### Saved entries
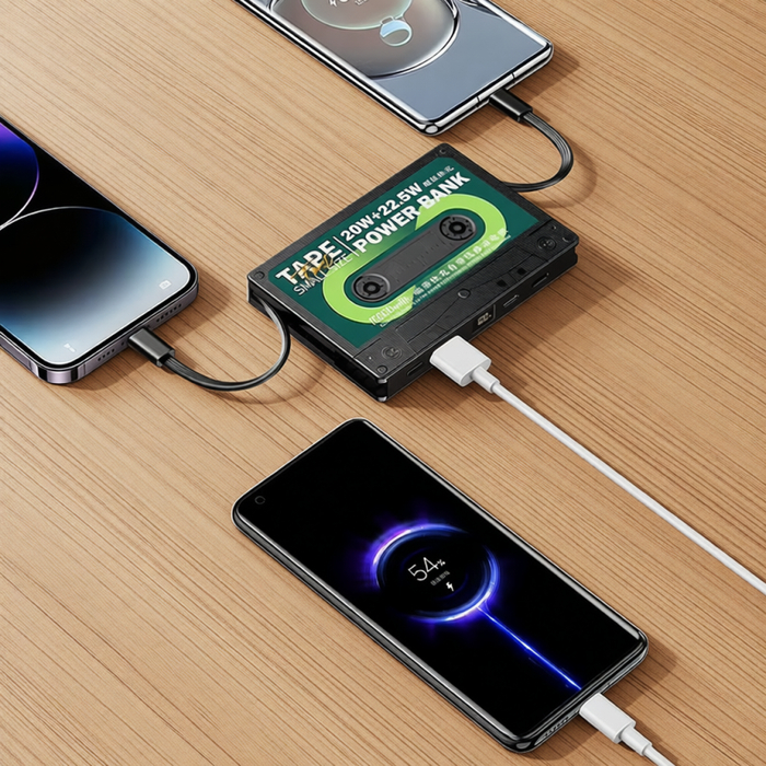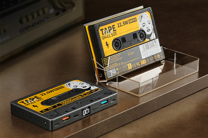 Внешний аккумулятор сделан в виде кассеты и весит около 185 граммов при ёмкости 10 000 мАч. Размеры 10,8 х 7,6 см позволяют положить его в карман рубашки или боковой отсек рюкзака.
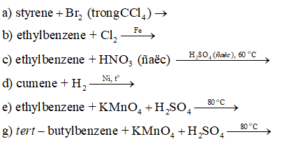 e) và g) là các phản ứng oxi hóa của alkylbenzene với dung dịch KMnO4 trong môi trường acid.
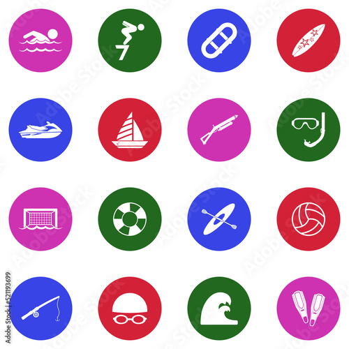 Water Sports Icons. White Flat Design In Circle. Vector Illustration.
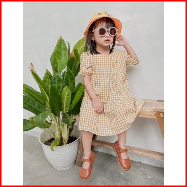 Yobebee Dress Kotak Anak Perempuan Usia 1 2 3 4 5 Tahun Mini Dress Casual Bayi Dan Anak Cewek
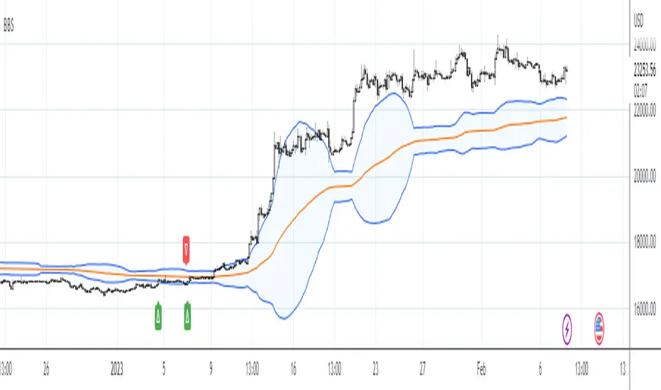 It uses a standard technical analysis indicator - Bollinger Bands - and appends it with a 'width' parameter and
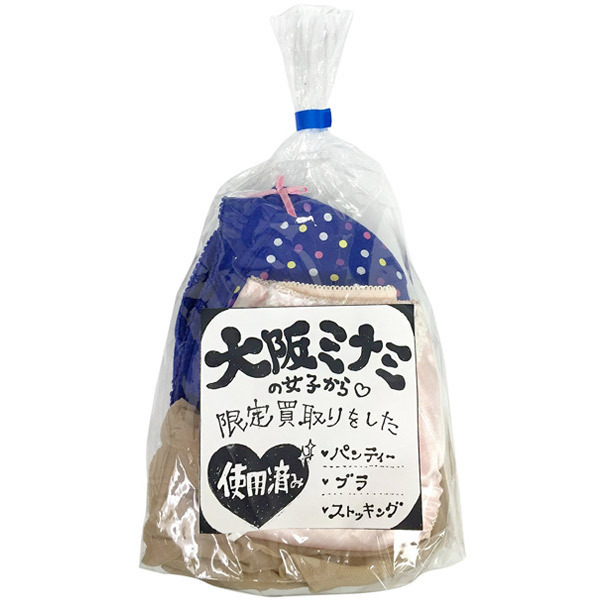 ●ミナミ(大阪の繁華街)女子限定●リアル感満載の使用済み系下着●ブラジャー×1・パンティ×1・ストッキング×1の3点セット●中身が見える透明パッケージ入り。
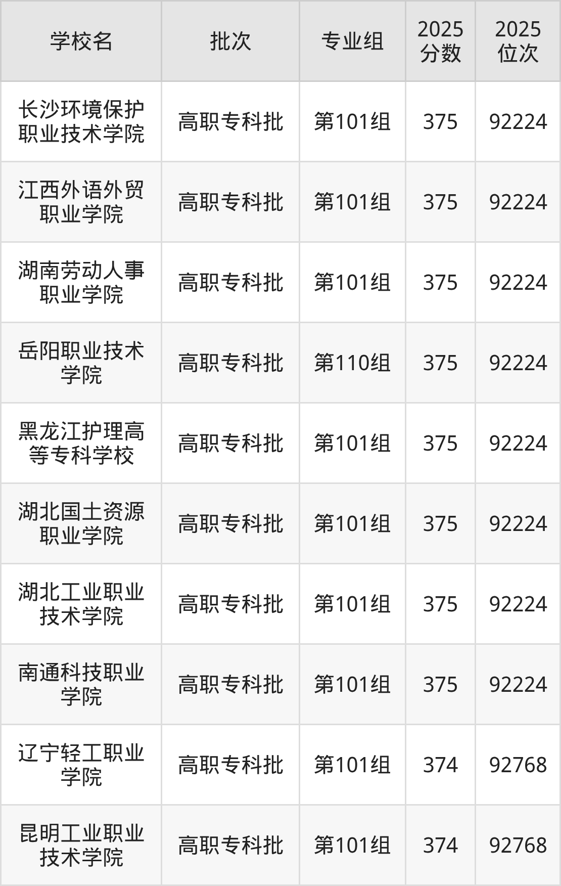 2025年湖南高考历史类374分(92225名~92768名)能上的大学有辽宁轻工职业学院第101组、昆明工业职业技术学院第101组。
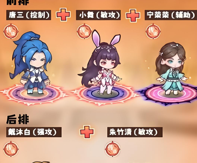 第一套阵容由戴沐白(前排)、唐三(控制)、小舞与朱竹清(双单体爆发)、宁荣荣(辅助)组成。该阵容通过唐三控制与戴沐白承伤,为双输出创造集火秒杀的环境,组建相对容易,前期推图效率高。
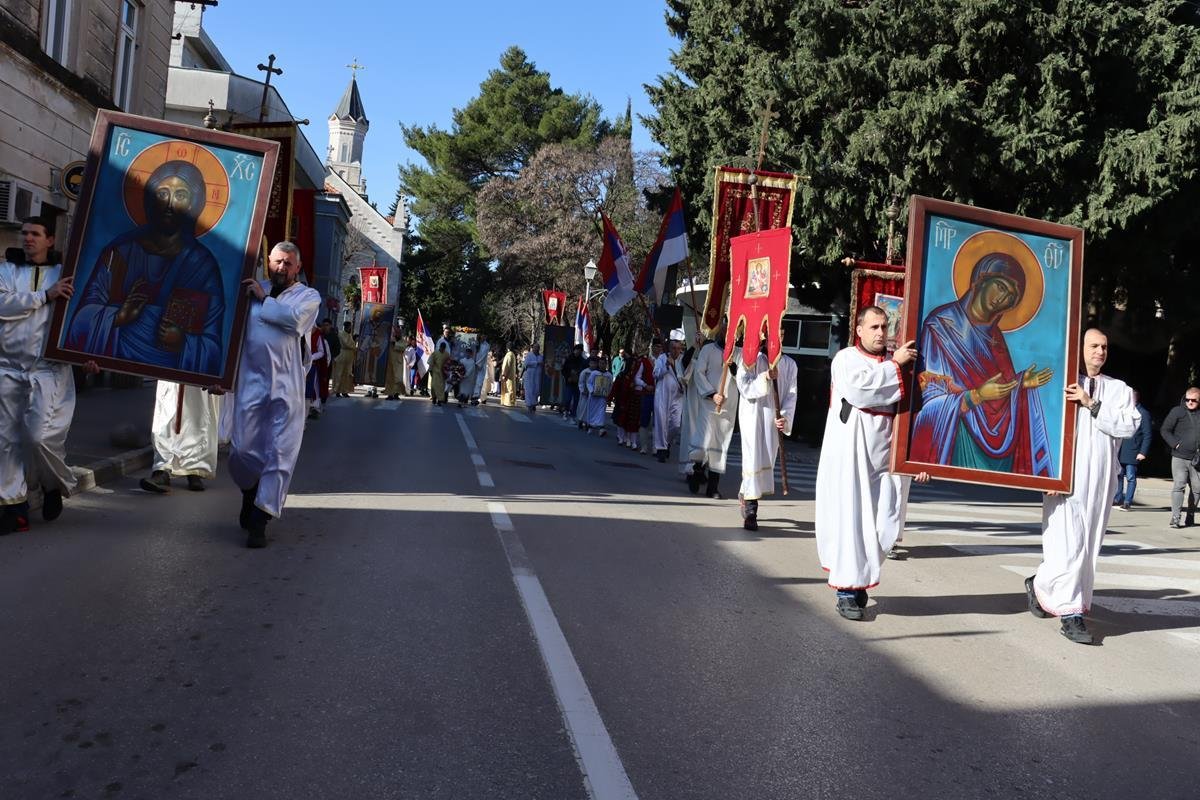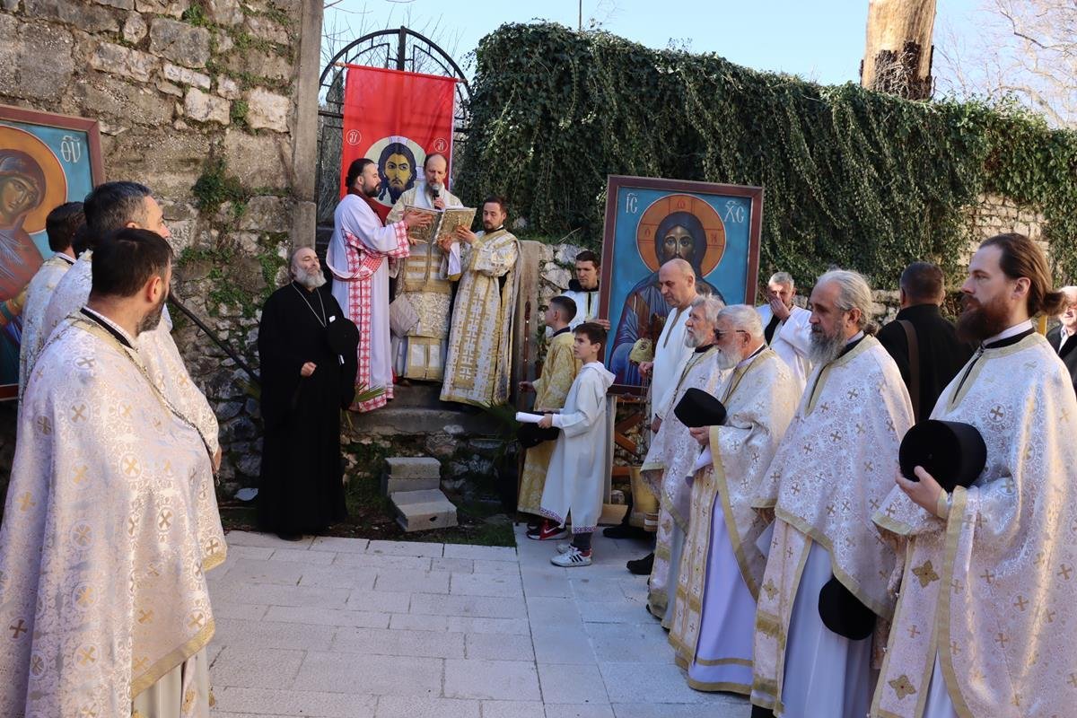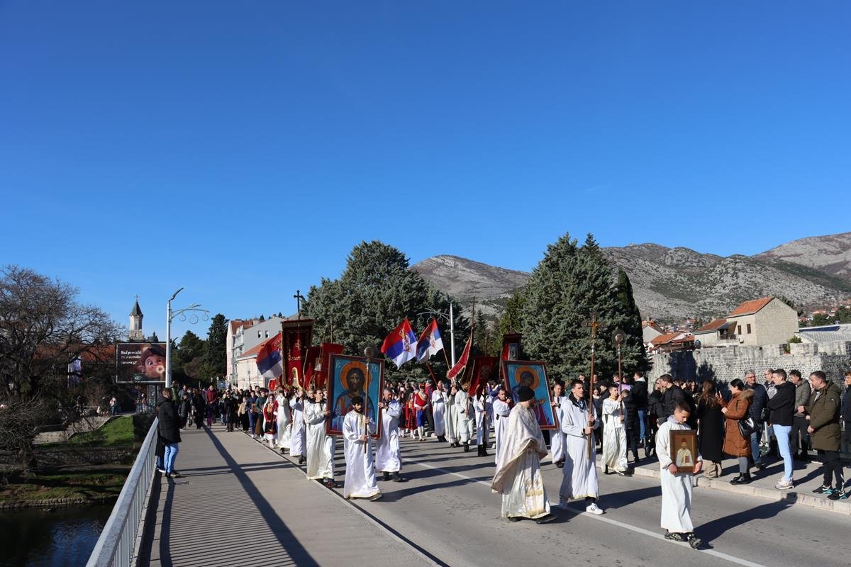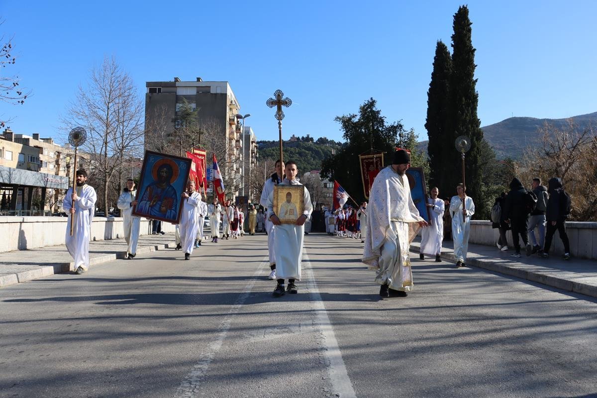 По завршетку чина на ријеци, литија је наставила преко моста ка Старом граду, пролазећи његовим древним улицама и зидинама, гдје је прочитан богојављенски молебан, уз заједничку молитву за град Требиње, његове житеље и сав народ Божији.
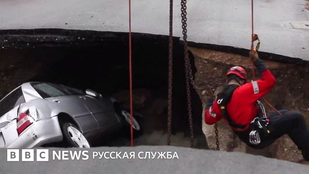 В американском городе Сан Антонио автомобиль с женщиной-полицейским провалился в яму, образовавшуюся на дороге из-за прорыва канализационной трубы.
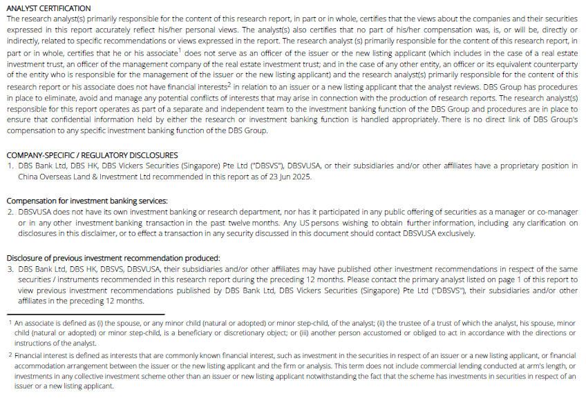 This report is prepared by DBS Bank (Hong Kong) Limited (“DBS HK”). This report is solely intended for the clients of DBS Bank Ltd., DBS HK, DBS Vickers (Hong Kong) Limited (“DBSV HK”), and DBS Vickers Securities (Singapore) Pte Ltd. (“DBSVS”), its respective connected and associated corporations and affiliates only and no part of this document may be (i) copied, photocopied or duplicated in any form or by any means or (ii) redistributed without the prior written consent of DBS HK.
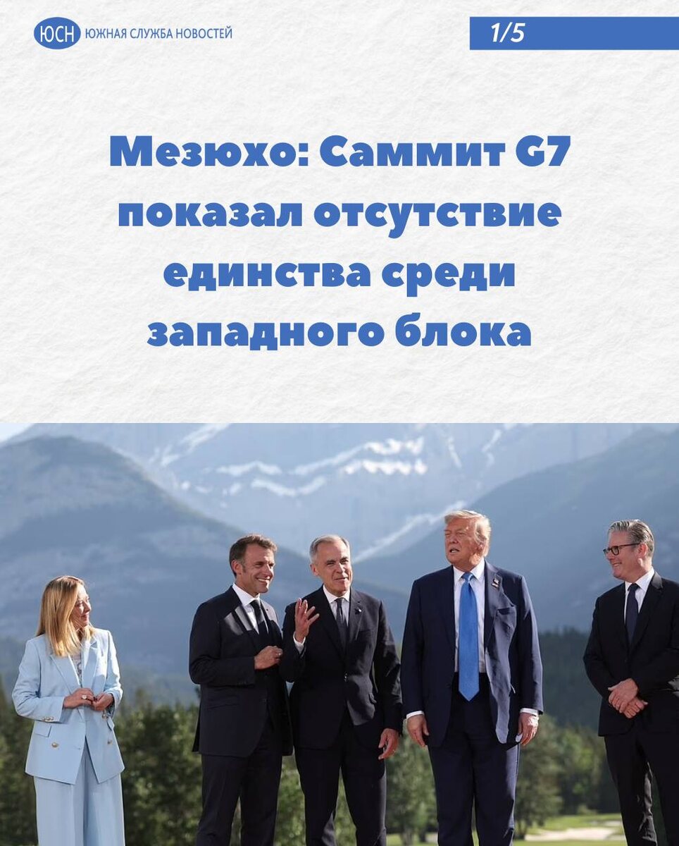 🔹 Саммит G7 показал отсутствие единства среди западного блока Встреча лидеров стран G7 на саммите, откуда досрочно удалился американский президент Дональд Трамп, а за ним – глава киевского режима Владимир Зеленский, прошла блекло и показала отсутствие подлинного единства среди государств западного блока. Таким мнением с «Южной службой новостей» поделился политолог Иван Мезюхо. 🌐 Южная служба новостей
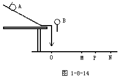 6.在验证碰撞中的动量守恒实验时,实验装置如图1-8-14所示,要求实验时所用的两个小球的半径r____,入射球的质量m1____被碰球的质量m2.在实验中需要使用的测量工具有______.若两球在碰撞中动量守恒,则满足关系式______(用题目和图中量表示).
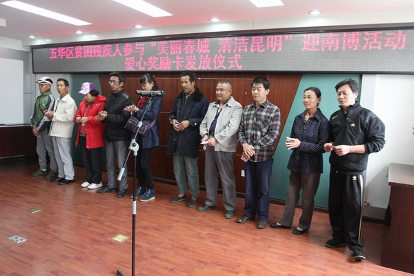 2014年10月16日下午,五华区贫困残疾人参与“美丽春城·清洁昆明”迎南博活动爱心奖励卡发放仪式在五华区残联六楼会议室举行。部分获得爱心奖励卡的残疾人代表参加发放仪式,区残联曾庆上副理事长在仪式上作了讲话。
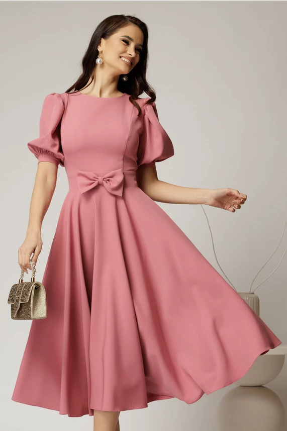 Rochie eleganta din stofa roz cu funda in talie. Are decolteu rotund, maneci scurte bufante si croi clos.
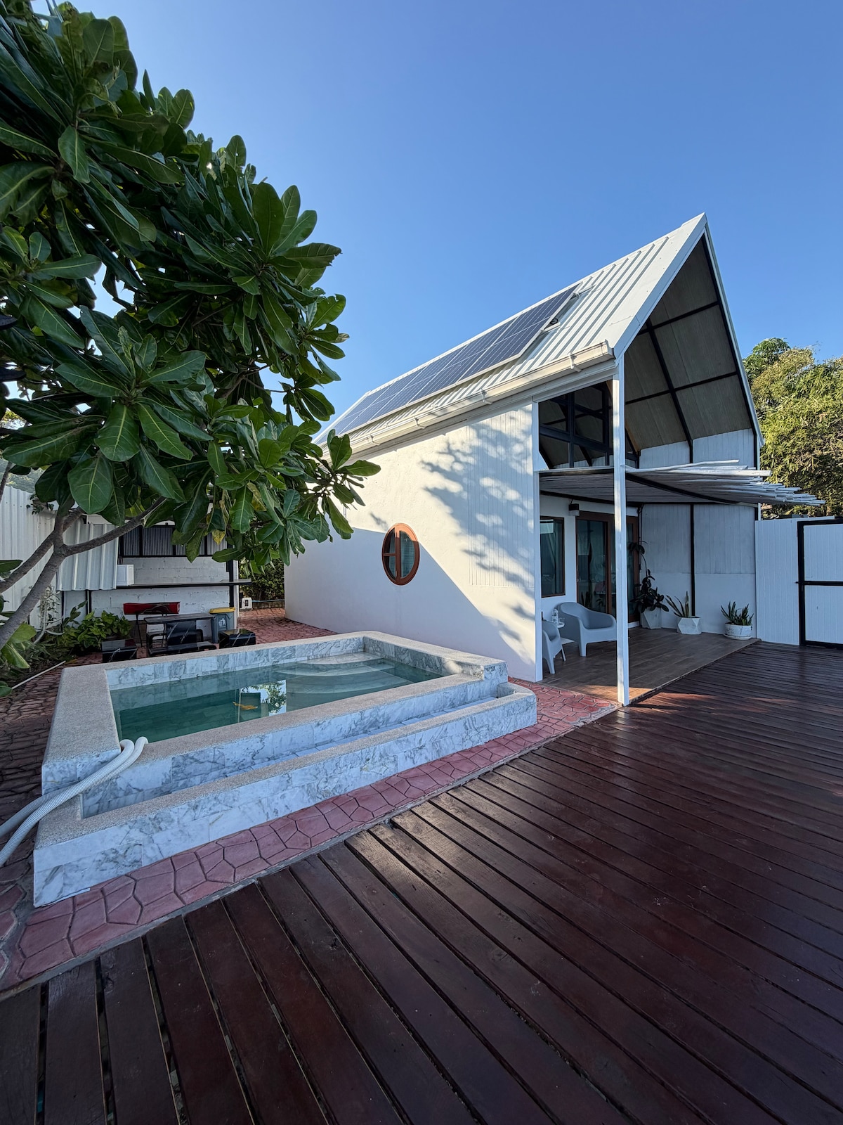 Villa Airy con piscina de 2 dormitorios en la tranquila zona de Sairee Beach con traslado GRATUITO al muelle. ¡Camina hasta la playa! A solo 10 minutos a pie de la playa, restaurantes, tiendas y bares, esta villa está ubicada en un pequeño carril con techo abovedado, sofá de esquina, baño completo y cocina abierta. El internet WiFi más rápido y confiable disponible en Koh Tao. Diseñado para 5 adultos con una capacidad máxima de 7. ¡Contáctanos para grupos más grandes y disidencias para niños! Tiene un techo de tejas real - sólo el interior es paja.

### ABOUT THIS EXERCISE
Your task is to repeat exactly the lines from the beginning of the data to the line that contains "2025年湖南高考历史类37", both ends included, leaving out pictures.

### EXERCISE SOLUTION
 Внешний аккумулятор сделан в виде кассеты и весит около 185 граммов при ёмкости 10 000 мАч. Размеры 10,8 х 7,6 см позволяют положить его в карман рубашки или боковой отсек рюкзака.
 e) và g) là các phản ứng oxi hóa của alkylbenzene với dung dịch KMnO4 trong môi trường acid.
 Water Sports Icons. White Flat Design In Circle. Vector Illustration.
 Yobebee Dress Kotak Anak Perempuan Usia 1 2 3 4 5 Tahun Mini Dress Casual Bayi Dan Anak Cewek
 It uses a standard technical analysis indicator - Bollinger Bands - and appends it with a 'width' parameter and
 ●ミナミ(大阪の繁華街)女子限定●リアル感満載の使用済み系下着●ブラジャー×1・パンティ×1・ストッキング×1の3点セット●中身が見える透明パッケージ入り。
 2025年湖南高考历史类374分(92225名~92768名)能上的大学有辽宁轻工职业学院第101组、昆明工业职业技术学院第101组。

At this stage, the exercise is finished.